Dataset records >>
=== Begin Enclosure ===
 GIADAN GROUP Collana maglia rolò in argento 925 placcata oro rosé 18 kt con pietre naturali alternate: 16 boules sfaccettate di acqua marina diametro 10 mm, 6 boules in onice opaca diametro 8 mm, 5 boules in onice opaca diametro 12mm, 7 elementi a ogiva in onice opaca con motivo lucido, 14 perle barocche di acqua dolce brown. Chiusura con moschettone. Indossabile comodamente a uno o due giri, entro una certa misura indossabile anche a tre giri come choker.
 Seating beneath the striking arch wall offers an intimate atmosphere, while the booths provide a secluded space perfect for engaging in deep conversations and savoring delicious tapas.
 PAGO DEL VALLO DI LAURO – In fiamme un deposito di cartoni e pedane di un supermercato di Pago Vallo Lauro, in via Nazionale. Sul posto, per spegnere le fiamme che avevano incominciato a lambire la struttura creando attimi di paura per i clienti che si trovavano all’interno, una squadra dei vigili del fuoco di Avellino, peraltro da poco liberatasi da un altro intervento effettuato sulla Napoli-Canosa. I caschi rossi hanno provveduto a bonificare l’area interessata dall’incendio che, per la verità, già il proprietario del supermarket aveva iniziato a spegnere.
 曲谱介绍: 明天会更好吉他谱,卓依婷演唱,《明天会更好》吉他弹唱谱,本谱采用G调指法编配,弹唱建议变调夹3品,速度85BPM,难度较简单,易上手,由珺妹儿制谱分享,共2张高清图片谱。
=== End Enclosure ===
=== Begin Enclosure ===
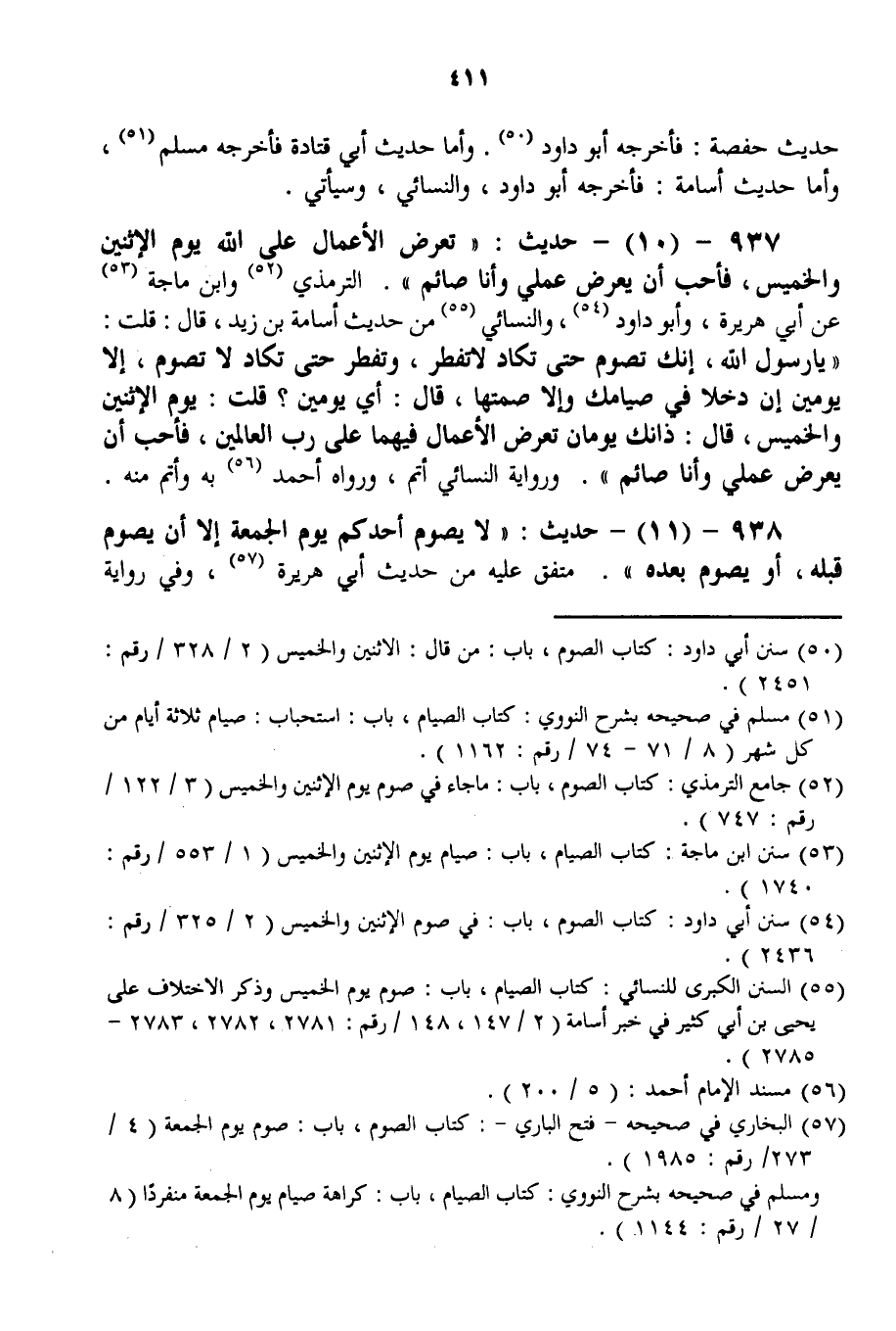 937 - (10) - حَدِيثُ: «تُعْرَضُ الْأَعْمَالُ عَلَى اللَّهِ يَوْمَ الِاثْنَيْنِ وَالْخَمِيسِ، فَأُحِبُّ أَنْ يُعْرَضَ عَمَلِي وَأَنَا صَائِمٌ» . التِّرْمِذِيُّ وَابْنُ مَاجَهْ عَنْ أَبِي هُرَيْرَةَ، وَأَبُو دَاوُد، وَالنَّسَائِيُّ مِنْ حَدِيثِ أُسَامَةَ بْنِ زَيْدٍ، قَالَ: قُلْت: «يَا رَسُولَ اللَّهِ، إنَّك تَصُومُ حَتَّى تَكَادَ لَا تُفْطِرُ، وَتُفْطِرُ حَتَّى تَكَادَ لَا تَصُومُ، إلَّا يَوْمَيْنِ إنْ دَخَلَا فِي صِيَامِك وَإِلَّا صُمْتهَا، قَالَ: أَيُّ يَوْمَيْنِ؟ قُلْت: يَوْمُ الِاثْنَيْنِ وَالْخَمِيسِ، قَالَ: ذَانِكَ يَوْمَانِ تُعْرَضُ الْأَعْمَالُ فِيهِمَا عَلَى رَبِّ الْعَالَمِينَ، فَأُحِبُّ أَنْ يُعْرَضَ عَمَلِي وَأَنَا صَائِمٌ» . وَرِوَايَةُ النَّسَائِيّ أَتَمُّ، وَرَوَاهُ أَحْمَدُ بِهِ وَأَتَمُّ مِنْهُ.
=== End Enclosure ===
=== Begin Enclosure ===
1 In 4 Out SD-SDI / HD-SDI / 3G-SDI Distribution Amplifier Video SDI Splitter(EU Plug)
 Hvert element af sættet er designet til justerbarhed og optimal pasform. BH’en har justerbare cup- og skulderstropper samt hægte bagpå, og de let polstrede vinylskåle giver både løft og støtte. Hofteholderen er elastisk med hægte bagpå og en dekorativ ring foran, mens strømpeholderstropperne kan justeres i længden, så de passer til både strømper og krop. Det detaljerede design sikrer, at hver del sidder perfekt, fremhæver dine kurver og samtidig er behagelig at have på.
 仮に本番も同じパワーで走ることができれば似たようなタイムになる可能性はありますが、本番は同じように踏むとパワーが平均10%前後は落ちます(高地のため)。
=== End Enclosure ===
What to do >>
Could you return exactly the lines above from the line with "Seating beneath the" to the line with "曲谱介绍: 明天会更好吉他谱", both included, and nothing else?

Response to this task >>
 Seating beneath the striking arch wall offers an intimate atmosphere, while the booths provide a secluded space perfect for engaging in deep conversations and savoring delicious tapas.
 PAGO DEL VALLO DI LAURO – In fiamme un deposito di cartoni e pedane di un supermercato di Pago Vallo Lauro, in via Nazionale. Sul posto, per spegnere le fiamme che avevano incominciato a lambire la struttura creando attimi di paura per i clienti che si trovavano all’interno, una squadra dei vigili del fuoco di Avellino, peraltro da poco liberatasi da un altro intervento effettuato sulla Napoli-Canosa. I caschi rossi hanno provveduto a bonificare l’area interessata dall’incendio che, per la verità, già il proprietario del supermarket aveva iniziato a spegnere.
 曲谱介绍: 明天会更好吉他谱,卓依婷演唱,《明天会更好》吉他弹唱谱,本谱采用G调指法编配,弹唱建议变调夹3品,速度85BPM,难度较简单,易上手,由珺妹儿制谱分享,共2张高清图片谱。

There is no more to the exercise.